A lone bright spot has emerged in the form of Jahmai Jones, recently claimed off waivers by the Yankees. He’s shown some pop at the plate, going 3-for-6 with a double in his limited opportunities. However, Jones primarily plays second base, lacking the versatility to fill multiple infield positions unlike the other contenders vying for a roster spot.

Yankees’ backup infield battle heats up as stars struggle

With Opening Day approaching, the competition for the backup infield role is intensifying. The underwhelming performances from most of the candidates leave the door open for someone to step up and claim the coveted spot in the final weeks of spring training.

While Jorbit Vivas is an intriguing prospect for the Yankees, the team anticipates him starting the season at Triple-A as their starting second baseman. This indicates he’s not quite major league-ready yet.

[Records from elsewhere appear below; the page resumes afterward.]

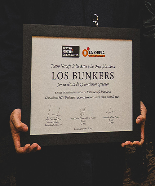 “Para nosotros como La Oreja es absolutamente inédito, en nuestros 23 años de producción, realizar una residencia artística de 25 conciertos. Felicitamos a Los Bunkers por este hito en la música chilena y al Teatro Nescafé de las Artes por ser parte de un programa completamente agotado desde hace meses”, menciona Juan Carlos Olivares, director de La Oreja.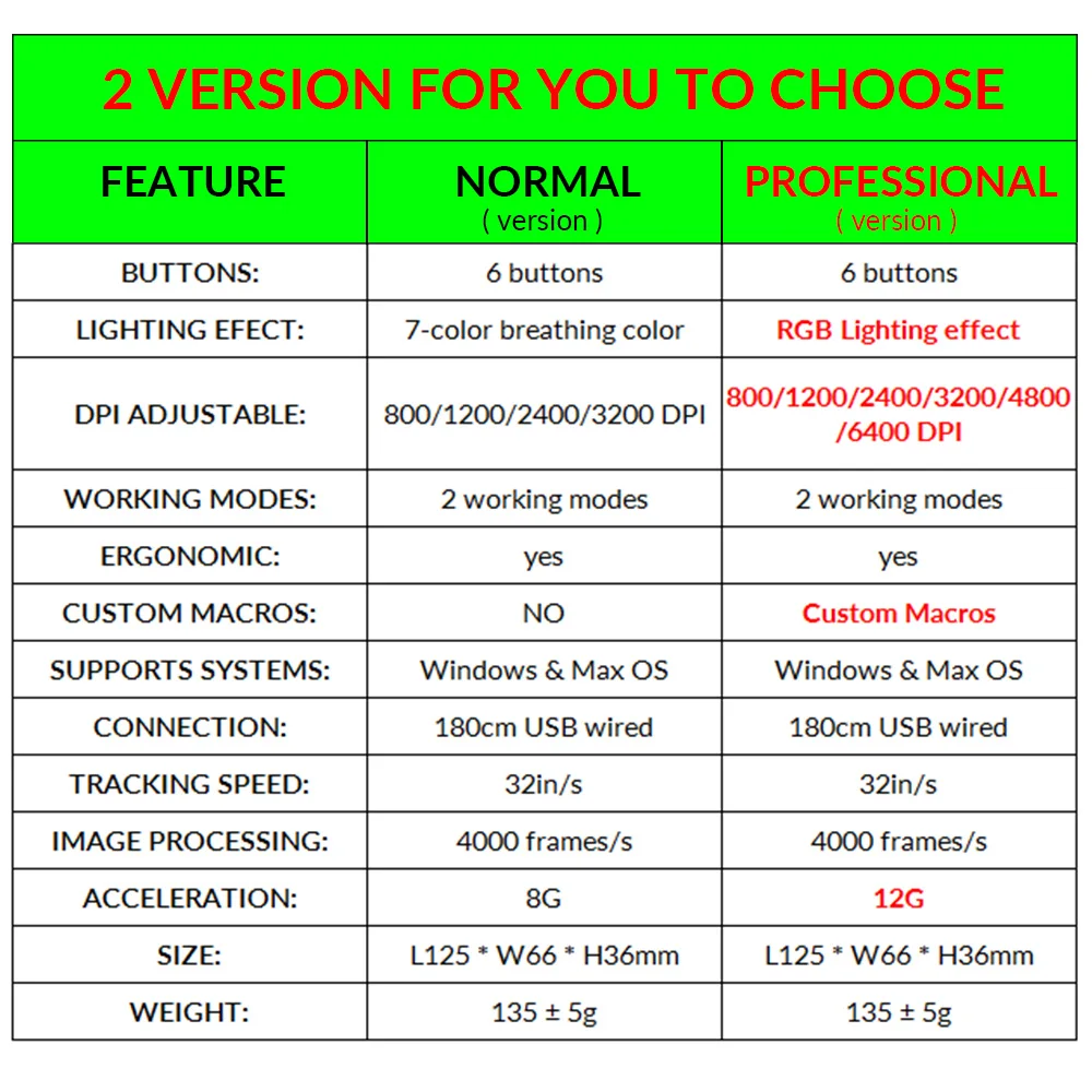 6 Adjustable DPI Gaming computer Mouse 800 , 1600 , 2400 ,3200, 4800 , 6400 DPI
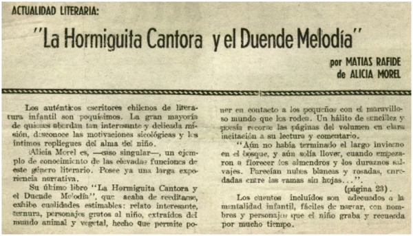 Autoras chilenas - Morel, Alicia - Hormiguita cantora y el duende melodía

Manager Aaron Boone stressed that spring training performance is just one piece of the puzzle when determining roster spots. The Yankees also consider the quality of at-bats, defensive abilities, work ethic, and other factors that might not show up on a stat sheet.

Jorbit Vivas celebrates after hitting a homer during Yankees 22-10 win over the Tigers at Tampa spring training facility.
NYYPlayerDev

The Yankees’ quest to fill their backup infield vacancy has taken them down several paths. According to the New York Post, the team expressed interest in former Mets shortstop Amed Rosario, who ultimately signed with the Tampa Bay Rays. They also reportedly held discussions with Kiké Hernández, who ultimately opted to re-sign with the Los Angeles Dodgers.

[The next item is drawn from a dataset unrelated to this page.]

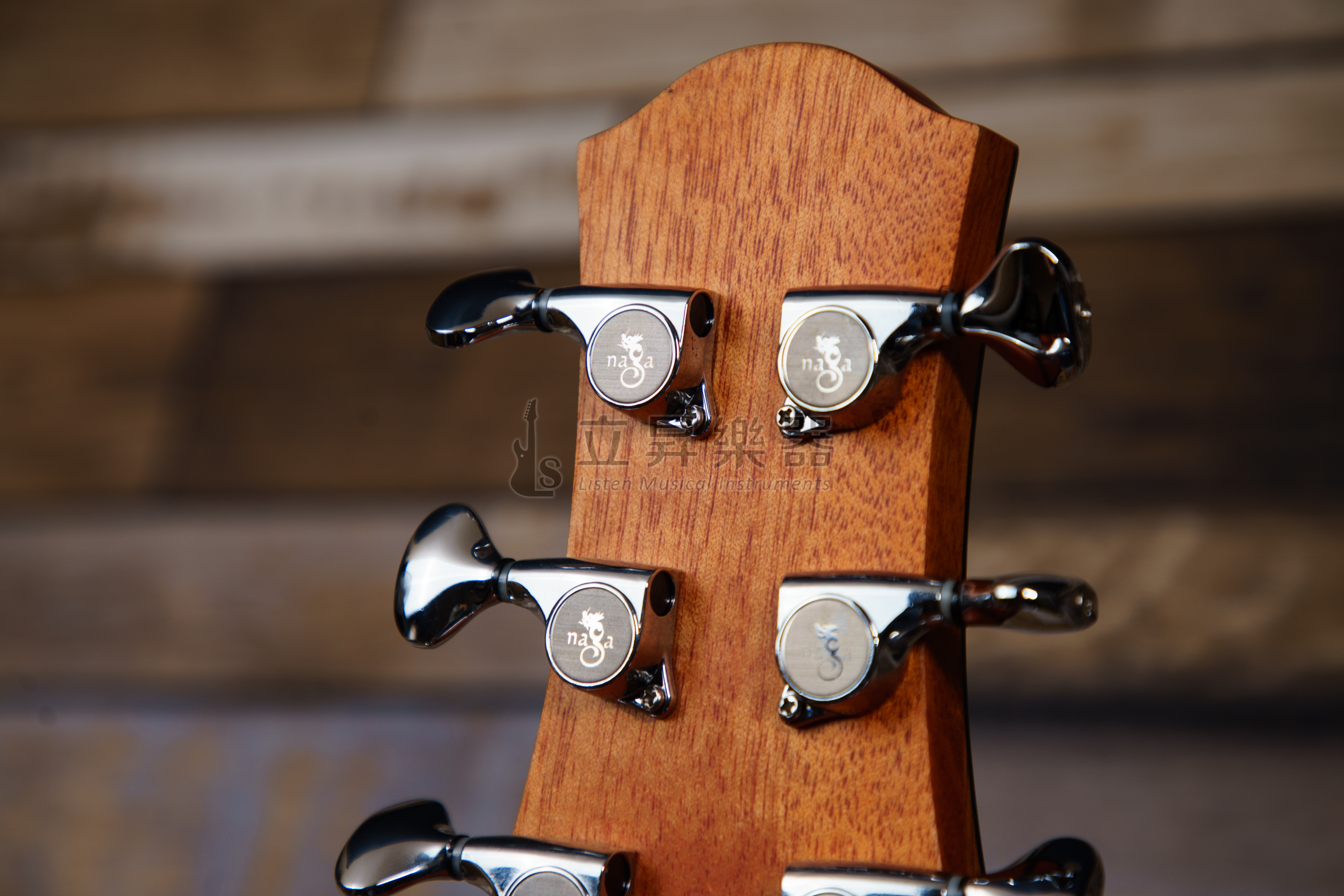 琴頭:玫瑰木貼面+白貝LOGO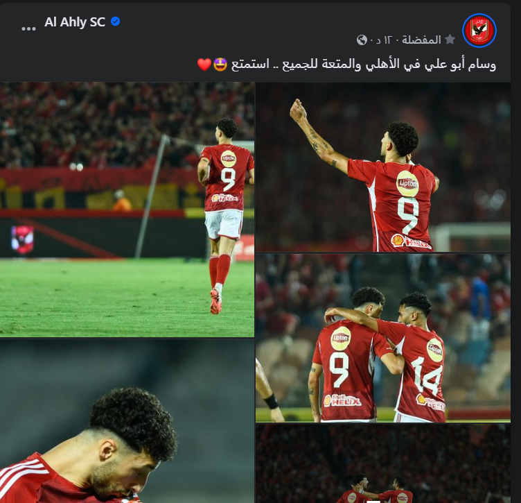 ونشرت صفحة الأهلي مجموعة من الصور لاحتفال وسام أبو علي بعد تسجيله هدفين في الشوط الأول وكتبت: وسام أبو علي في الأهلي والمتعة للجميع، استمتع.

With their preferred options off the board, the Yankees are left scouring a thinner pool of free agents. One possibility is Donovan Solano, a veteran infielder still looking for a landing spot.

For Tyler Wade to solidify his claim on the backup infield role, showcasing competence at shortstop is critical. Currently, with Peraza sidelined by injury, Wade and Oswaldo Cabrera are the only viable options on the bench who can play the position. However, the Yankees might prefer Cabrera to gain further seasoning and refine his hitting skills in Triple-A. This scenario could leave the door open for Wade to begin the season as the primary backup for starting shortstop Anthony Volpe.

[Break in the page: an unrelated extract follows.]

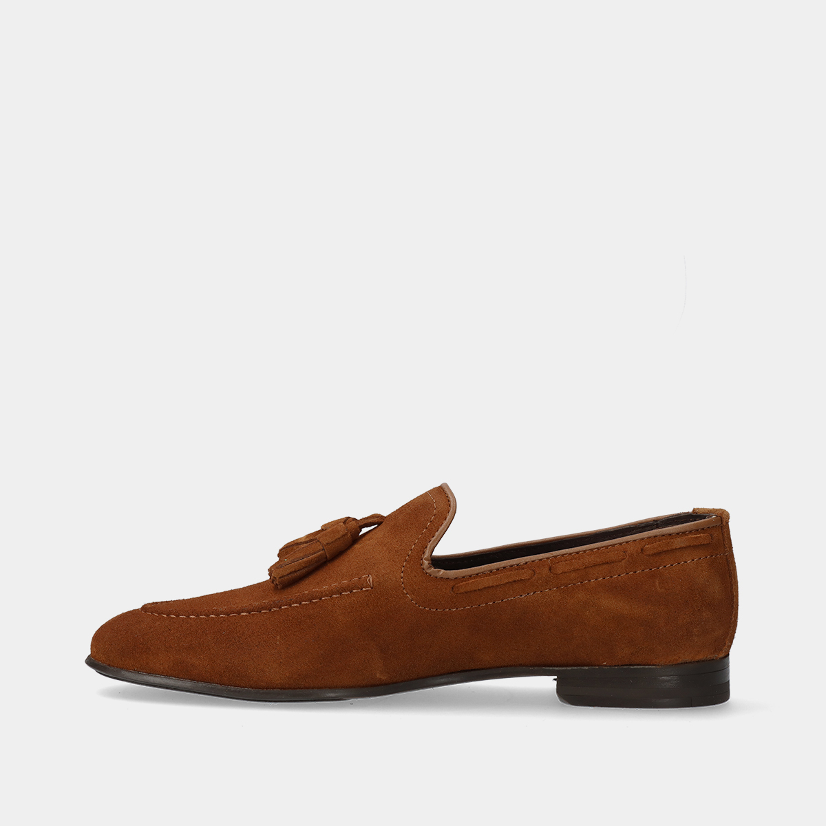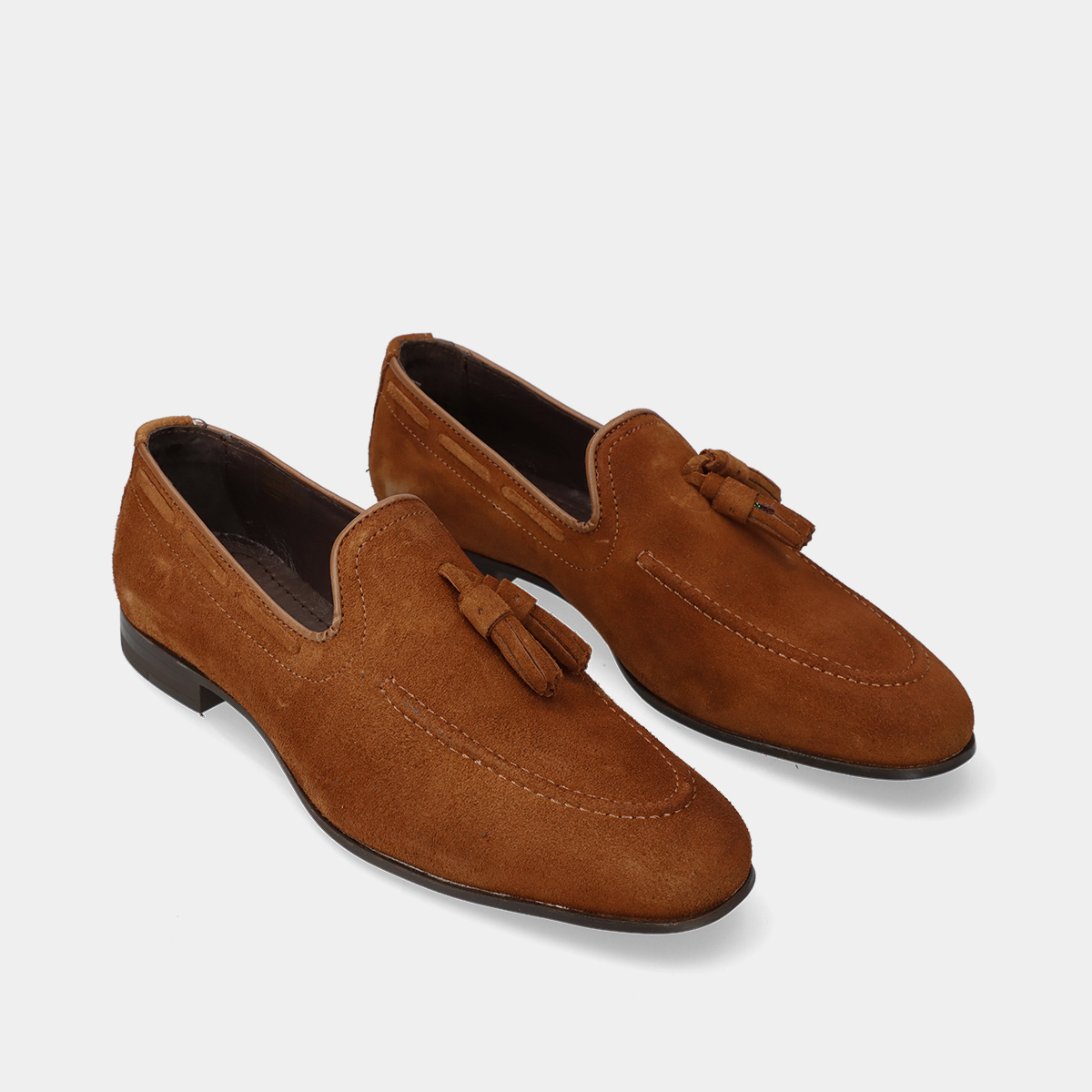 Mocassins de homem em pele camurça camel, com berloques, biqueira redonda e sola de borracha. Perfeitos para casamentos, cerimónias e outros eventos formais ou profissionais. Fabricados em Portugal com materiais de alta qualidade.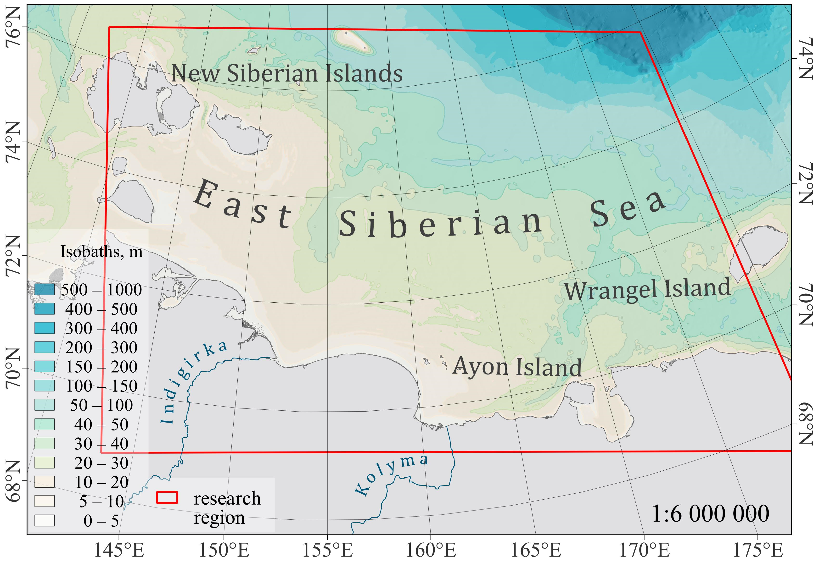 To investigate shallow areas in the East Siberian Sea, which are the main areas of dirty ice formation, we used the latest version 5.0 of the IBCAO data. Data with a resolution of 400 m were acquired from

Smith explained that he takes pride in his defensive capabilities and enjoys contributing positively across various positions. He expressed satisfaction in preventing runs and assisting pitchers.

Boone is aware of Smith’s potential to make an impact with his hitting despite his career batting average of .173 in the major leagues.

Boone noted that Smith has experienced some success with his hitting and possesses power from the right side. He added that Smith is perhaps the most versatile among the group, given his ability to play shortstop.

The upcoming fortnight holds the key. Barring any new acquisitions or deals, any of those infielders could secure a spot on the Opening Day roster if they excel and make an impression in the remaining time.

That’s Smith’s approach. Focus on making plays, dedicate yourself to the grind, and allow the outcomes to unfold naturally.

He stated that his goal was to demonstrate his best performance on the field, showing the coaching staff and organization that he could contribute in the specific ways they were seeking, regardless of the position or opportunity presented.